───── Given entries ─────

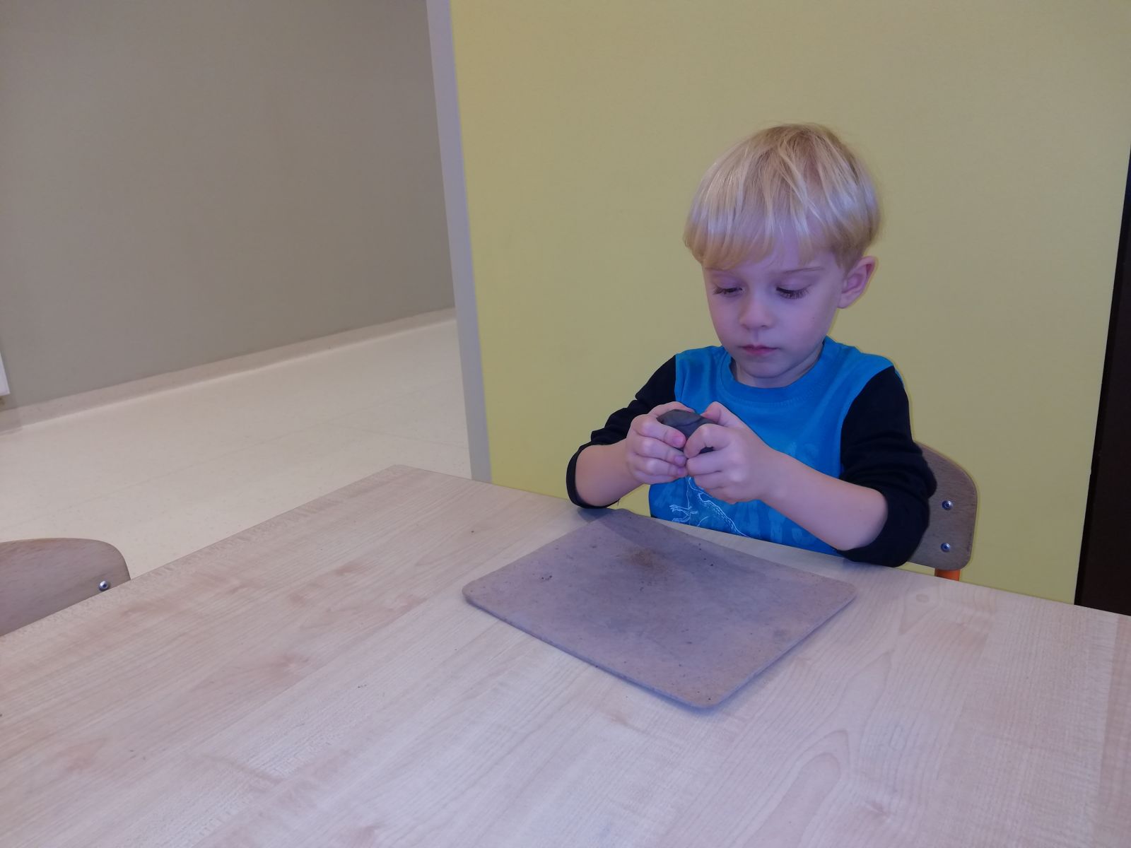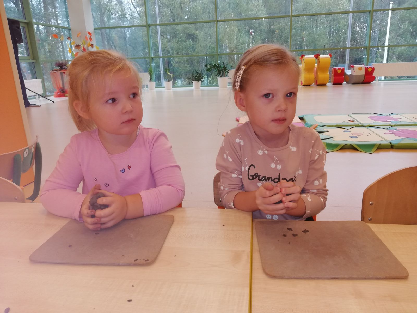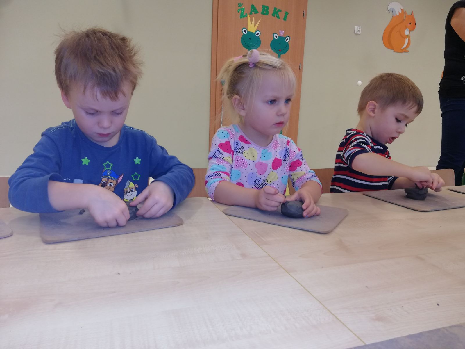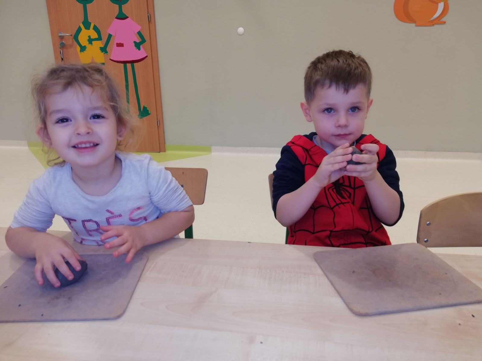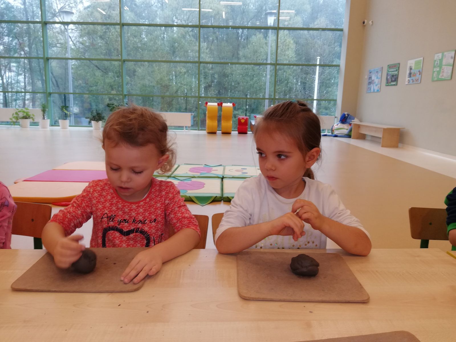 Dnia 24.10.2019r. Motylki wzięły udział w kolejnych z cyklu warsztatach lepienia z gliny. Tym razem Pan prowadzący nawiązał do tematyki jesiennej i zachęcił dzieci do wyrzeźbienia według wzoru jesiennego jeżyka. Wszyscy z zapałem zabrali się do pracy i usprawniali swoje rączki ugniatając i formując glinę, tak, aby jak najwierniej odtworzyć rzeźbę zaprezentowaną przez prowadzącego. Lepienie z gliny, to wcale nie jest taka łatwa sprawa, a jednak poradziliśmy sobie wspaniale :)
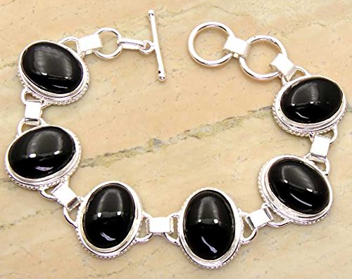 -. Feature : Gemstone: Genuine Black onyx / Gemstone Size: 12x16 oval,Wide: 7/8" Inches ,22 gms / Sterling Silver Plated Over Brass / 100% handmade by High Skilled Jewelry Artisans. / The Main Images are Greatly Enlarged to show the finest of design
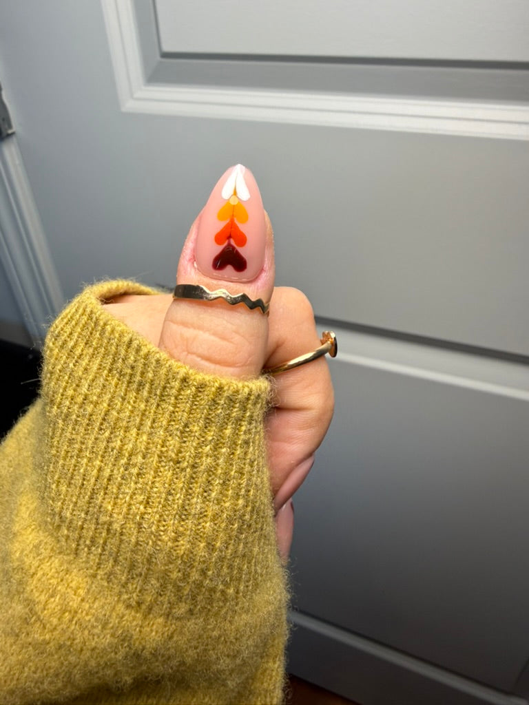 Celebrate cozy season with Autumn Love. This playful set features hand-painted heart vines in rich autumn shades on a warm nude base. Each design feels like a love letter to fall, blending whimsy with modern minimalism. Whether you’re sipping cider or heading out for a fall festival, these nails bring the perfect pop of color to your look.
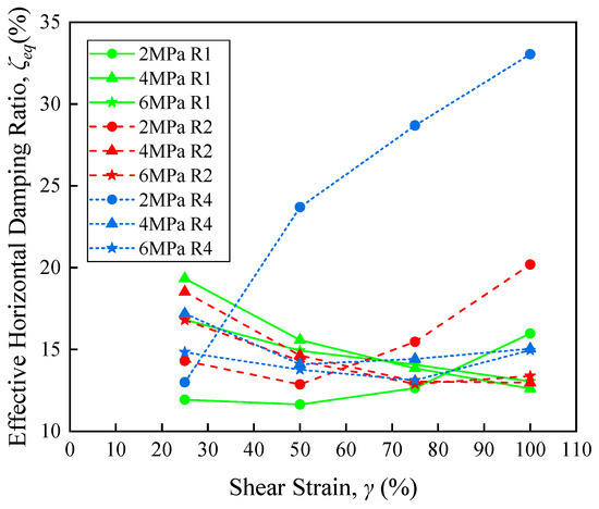 As can be seen from Figure 19, the effective horizontal stiffness of the bearings decreases with increasing shear strain. In addition, the curves under a constant vertical pressure of 2 MPa (marked by circle) further decrease significantly, due to sliding of the bearing after the shear strain exceeding 50%. However, the reduction is not noticeable for the pressure of 4 MPa or 6 MPa (marked by triangle and pentagram, respectively). The effective horizontal stiffness of R2 increases with the increase of vertical pressure. When the vertical pressure of 4 MPa is applied, as the number of fabric layer increases, the effective horizontal stiffness of bearings also increases. Under the other two pressure levels, the above-mentioned conclusions cannot be obtained, and we will further study the specific reasons in the future research. As can be seen from Figure 20, when the shear strain is within 50%, its equivalent damping ratio decreases with increasing shear strain; as the shear strain is greater than 50%, its equivalent damping ratio changes without obvious rules, but the fluctuation is not large. However, the sliding of the bearing causes the effective horizontal damping ratio increase with increasing shear strain. In general, the effective horizontal damping ratio of this new type of bearings is about 15% without considering the sliding of the bearing.
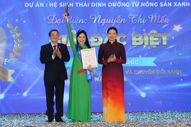 Nhờ những tác động lớn và mở ra hướng đi mới cho lĩnh vực nông sản của Việt Nam với mức độ gia tăng gấp từ bốn đến sáu lần thông qua chế biến và phân phối tiêu dùng, Dự án "Hệ sinh thái dinh dưỡng từ nông sản xanh" của chị Nguyễn Thị Mến được hội đồng chuyên gia đánh giá cao và được trao giải đặc biệt của Cuộc thi "Phụ nữ khởi nghiệp sáng tạo và chuyển đổi xanh" năm 2024.
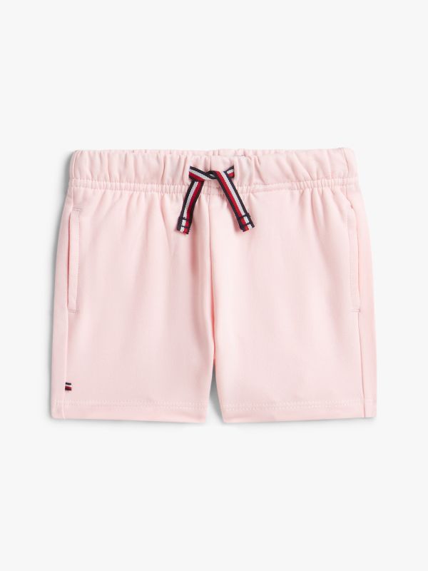 • Stretch cotton baby terry • Signature tape drawstring waist • Two side slip pockets • One back patch pocket • Signature tape on side • Tommy Hilfiger branding • Tommy Hilfiger flag embroidery on back pocket
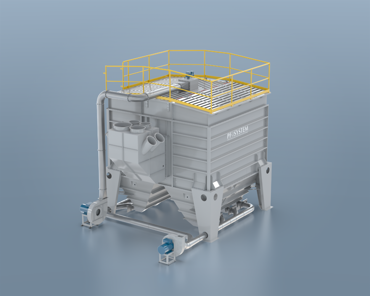 The fine particles are immediately extracted utilizing slide gate valves and a material transport fan. The integral electrical control panel includes PLC and HMI components for all system functions. PF System also supplies peripheral equipment related to the material.
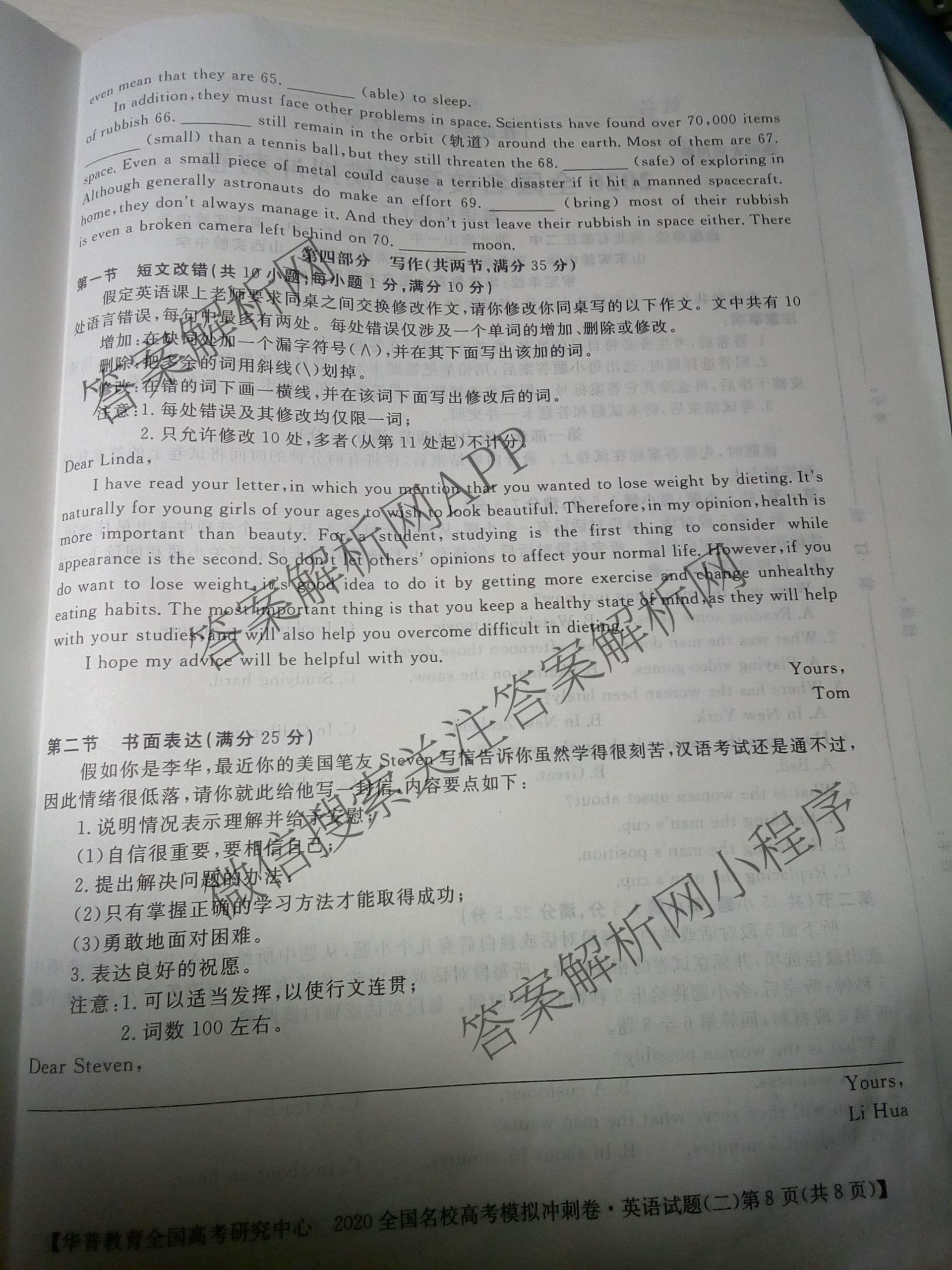 华普教育·2020全国名校高考模拟冲刺卷(二)英语试题,目前分科卷答案网已经汇总了华普教育·2020全国名校高考模拟冲刺卷(二)英语试题的各科答案和试卷,获取更多华普教育答案解析,请在关注本站。
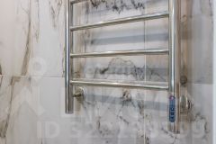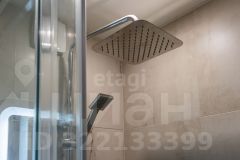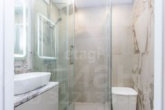 Санузел раздельный, в ванной комнате установлена душевая кабина, подвесная тумба с раковиной, электрический полотенцесушитель и зеркало с подсветкой. В туалете — подвесной унитаз с гигиеническим душем и встроенный шкаф для хранения бытовой химии. В отделке использованы практичные материалы: ламинат в жилой зоне, керамогранит в санузле, натяжные потолки с люстрами и точечными светильниками, а также бра в комнате.
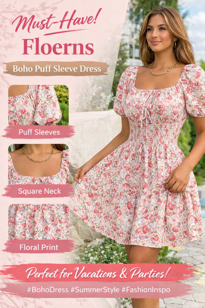 The Floerns Women’s Boho Square Neck Puff Sleeve Dress is more than just clothing — it’s a statement piece that brings out your personality. With its floral charm, flattering silhouette, and versatile styling options, it’s no surprise this dress is a top-selling item loved by women worldwide.
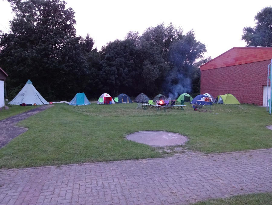 Danach spielten einige Kinder im Dunkeln Fangen, andere kehrten in die Halle zurück und wieder einige wärmten sich bis spät in die Nacht am Feuer. Erst gegen 2 Uhr morgens kehrte langsam Ruhe ein und der ein oder andere fand eine Mütze Schlaf in seinem Zelt.
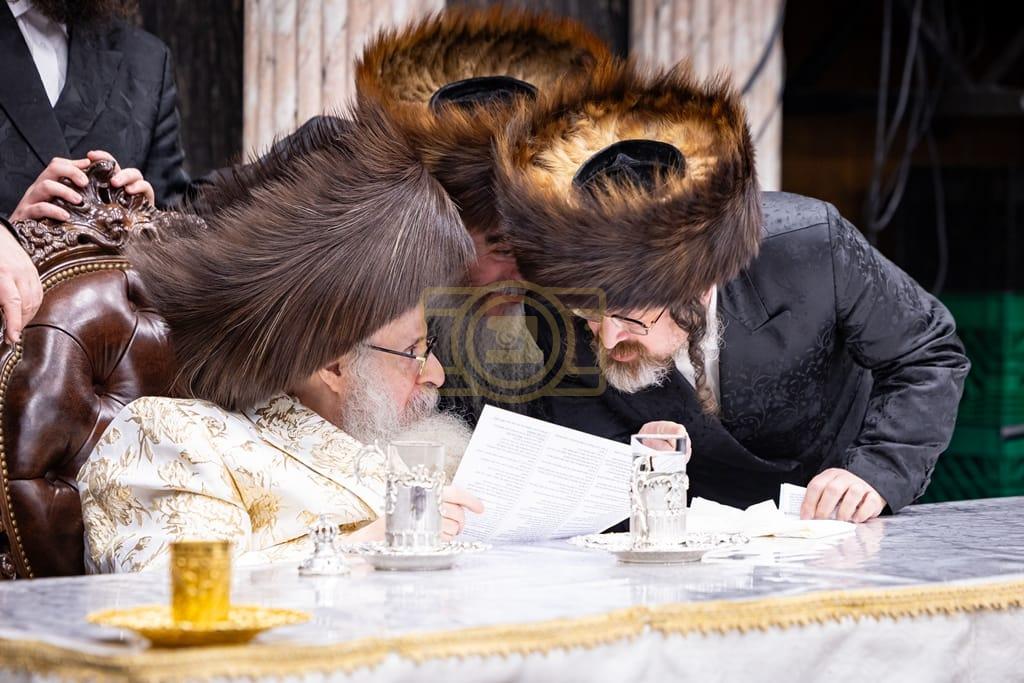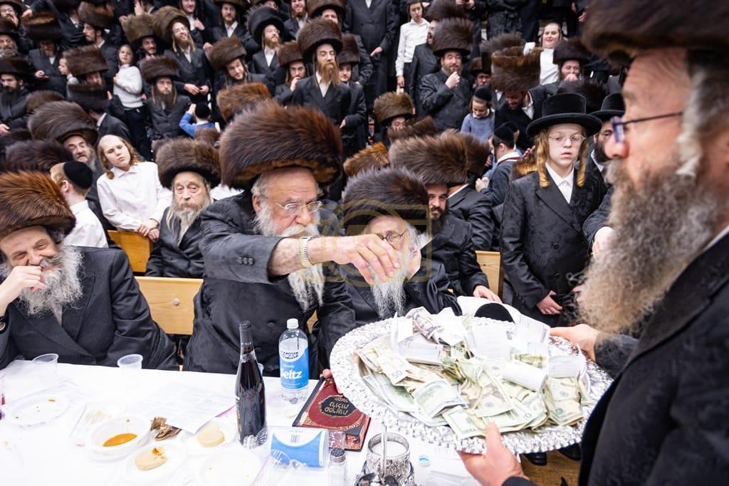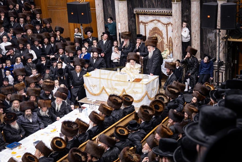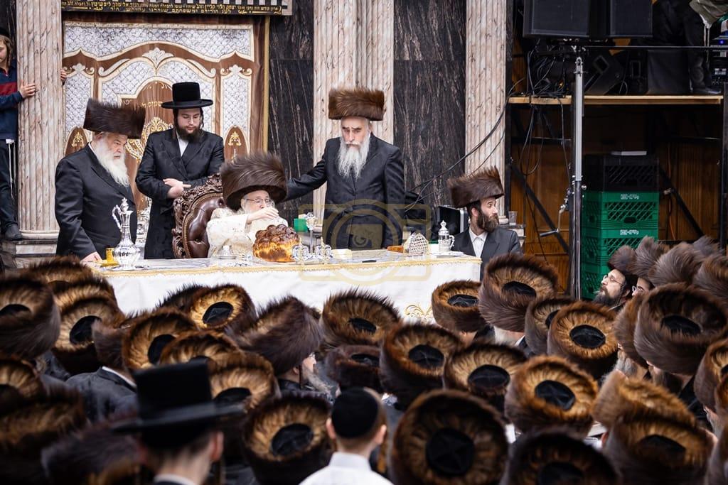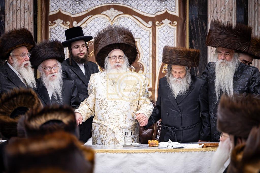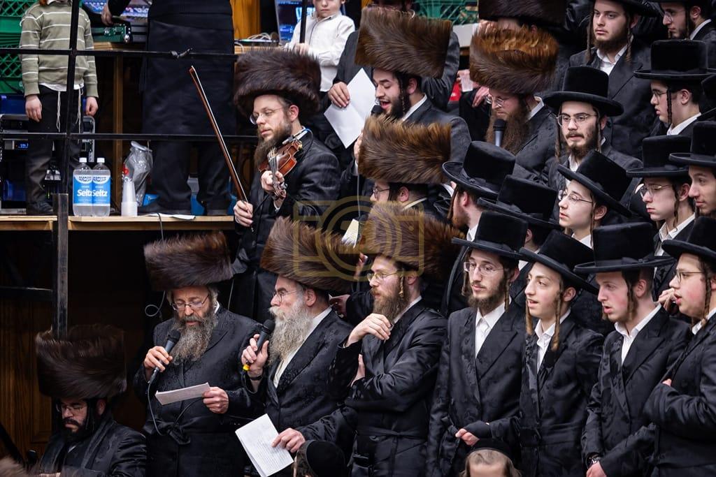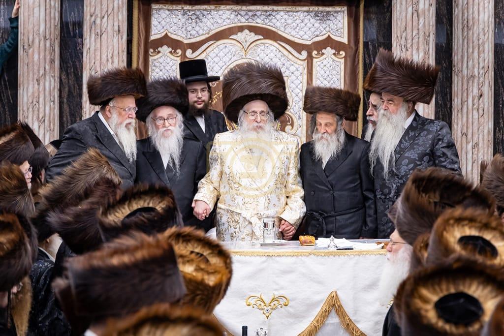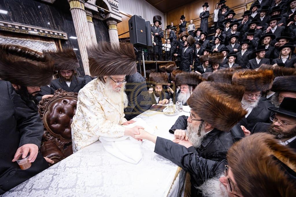 - דב''ק ביים סעודת ברית פון נכד רבינו בן הנולד אצל הרב הערשל מייזליש שליט"א בן חדב"ן הגה"צ רב דביהמ''ד ישמח משה שליט"א, פארגעקומען בהיכל המתיבתא סניף קדושת יואל. | 🌴 בצל הקודש סאטמאר 🌴
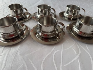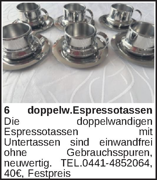 Die doppelwandigen Espressotassen mit Untertassen sind einwandfrei ohne Gebrauchsspuren, neuwertig. TEL.0441-4852064Kontakt
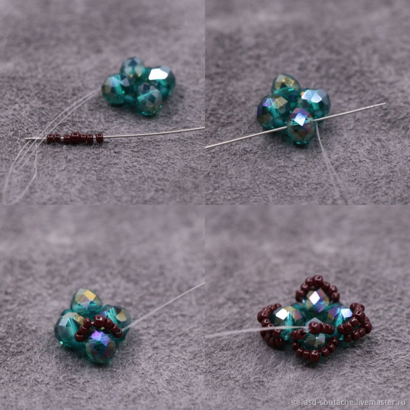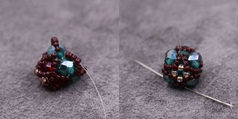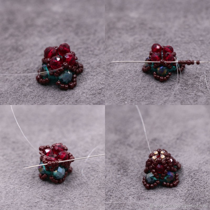 Проходим иглой по рисунку через бисер и бусины, выводим иглу в центральную бисерину нижней арки. Собираем все 4 арки через золотой бисер. Проходим по кругу на второй раз, стягиваем. Закрепляем нить — проходим через бусины и бисер по рисунку, «запутывая» ее. Обрезаем.

─────

Aim of the exercise. Begin at the line containing "Санузел раздельный, в" and stop at the final line of the data. Retype those lines exactly, without the pictures.

Task response.
 Санузел раздельный, в ванной комнате установлена душевая кабина, подвесная тумба с раковиной, электрический полотенцесушитель и зеркало с подсветкой. В туалете — подвесной унитаз с гигиеническим душем и встроенный шкаф для хранения бытовой химии. В отделке использованы практичные материалы: ламинат в жилой зоне, керамогранит в санузле, натяжные потолки с люстрами и точечными светильниками, а также бра в комнате.
 The Floerns Women’s Boho Square Neck Puff Sleeve Dress is more than just clothing — it’s a statement piece that brings out your personality. With its floral charm, flattering silhouette, and versatile styling options, it’s no surprise this dress is a top-selling item loved by women worldwide.
 Danach spielten einige Kinder im Dunkeln Fangen, andere kehrten in die Halle zurück und wieder einige wärmten sich bis spät in die Nacht am Feuer. Erst gegen 2 Uhr morgens kehrte langsam Ruhe ein und der ein oder andere fand eine Mütze Schlaf in seinem Zelt.
 - דב''ק ביים סעודת ברית פון נכד רבינו בן הנולד אצל הרב הערשל מייזליש שליט"א בן חדב"ן הגה"צ רב דביהמ''ד ישמח משה שליט"א, פארגעקומען בהיכל המתיבתא סניף קדושת יואל. | 🌴 בצל הקודש סאטמאר 🌴
 Die doppelwandigen Espressotassen mit Untertassen sind einwandfrei ohne Gebrauchsspuren, neuwertig. TEL.0441-4852064Kontakt
 Проходим иглой по рисунку через бисер и бусины, выводим иглу в центральную бисерину нижней арки. Собираем все 4 арки через золотой бисер. Проходим по кругу на второй раз, стягиваем. Закрепляем нить — проходим через бусины и бисер по рисунку, «запутывая» ее. Обрезаем.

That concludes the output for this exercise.